It’s possible that a new driver will improve the stuttering, but this seems like an issue in Gotham Knights more than anything. I used Nvidia’s latest 522.25 driver, which includes support for Gotham Knights. My colleague Tomas Franzese reviewed the game on console and noted similar stuttering and inconsistent performance, as will, despite the fact that the game is locked at 30 fps. It’s a good thing the PS4 and Xbox One versions of Gotham Knights were canceled — we could easily be in another Cyberpunk 2077 situation if they hadn’t.
What’s the problem, and how do I fix it?
There are a lot of issues that can cause stuttering in a game. Earlier this year, for example, the Unreal-based Elden Ring fell victim to shader compilation. Basically, Unreal Engine 4 compiles shaders on the GPU in real time, so you’d see a stutter when assets you’d never encountered loaded into the game. The same was true in Stray, which also uses Unreal Engine 4.
And sure enough, Gotham Knights uses Unreal Engine 4. That’s only part of the story here, though. Developer WB Games Montreal, while justifying the 30 fps cap on consoles, said that “due to the types of features we have in our game, like providing a full untethered co-op experience in our highly detailed open -world, it’s not as straightforward as lowering the resolution and getting a higher fps.”
But there are a few things you can do to limit the stuttering. For starters, the stutters are the worst when you’re in a new area. As you play the game, they will smooth out. A frame rate cap certainly helps make the game feel more consistent, as you’re not getting the contrast between extreme highs and lows.
Ray tracing plays a role, as well. Keep ray tracing on or turn it off, but don’t swap between them too often. The game has to recompile a lot of shaders when swapping between ray tracing modes, which leads to more stuttering once you close out of the graphics menu.
There is a lot more to talk about with Gotham Knights on PC. Unfortunately, I haven’t yet had time to dig in and test all of the settings on different hardware.
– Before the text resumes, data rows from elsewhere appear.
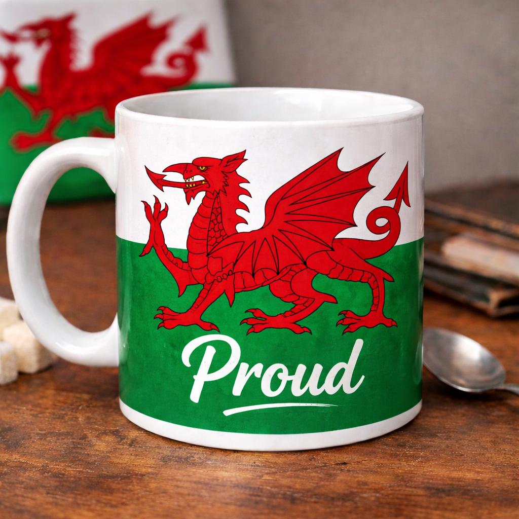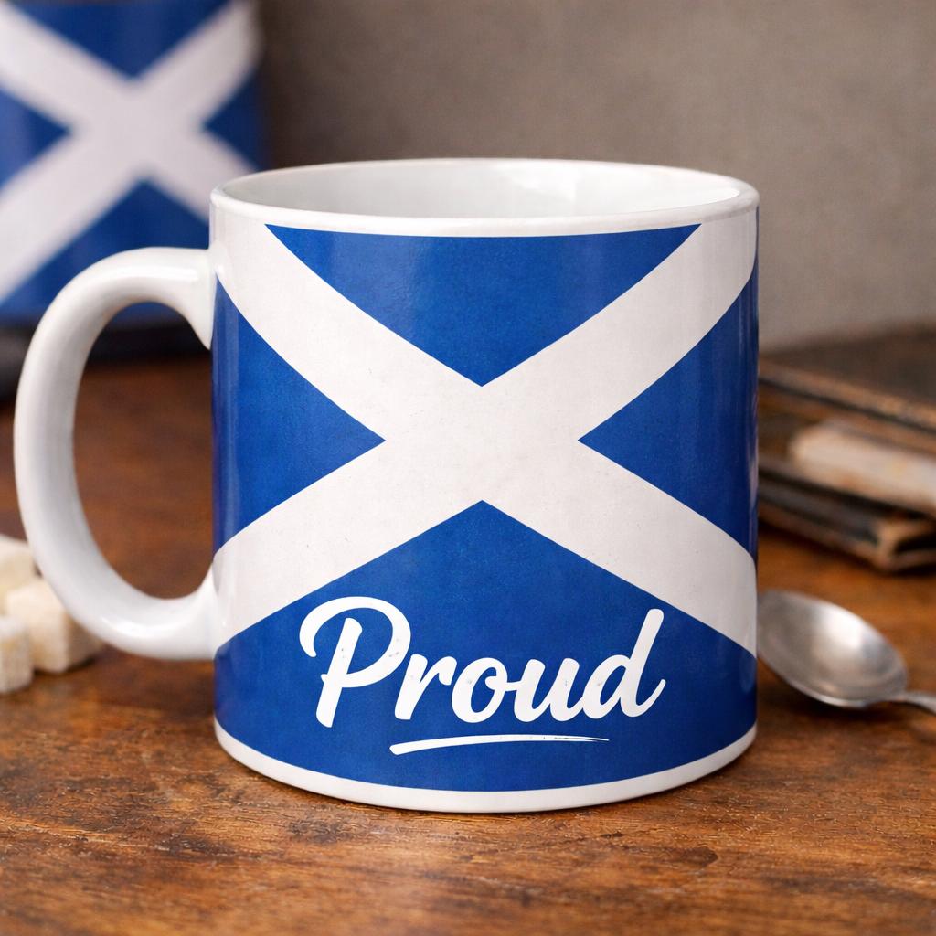 Show your pride with this bold and stylish ceramic mug, featuring iconic national flag designs paired with the word Proud in a modern script.
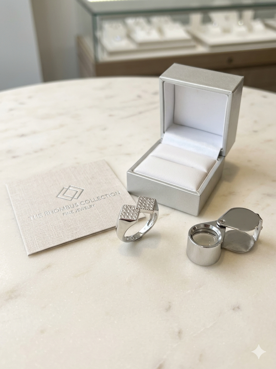 Men’s Elite 925 Sterling Silver Geometric Rhombus Ring – Cubic Zirconia Studded
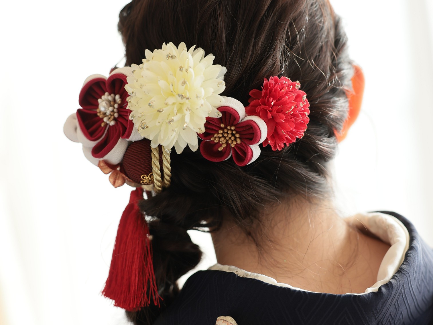 振袖の色や柄、雰囲気に合わせた髪型は、全体の印象をぐっと華やかに引き立てます。

The game supports Intel XeSS, Nvidia DLSS, and AMD FSR 2.0, as well, providing a great opportunity for a three-way shootout — so there are some interesting features to test as I dive deeper.
Before I get to that, though, you need to know about the stuttering issues on PC. The game launches on October 21, and although it’s possible WB Games Montreal will release a patch in the meantime, the stuttering issues likely won’t be solved for a while. I also encountered one crash in my brief time with the game, while Tomas encountered three crashes on the Xbox Series X during a full playthrough.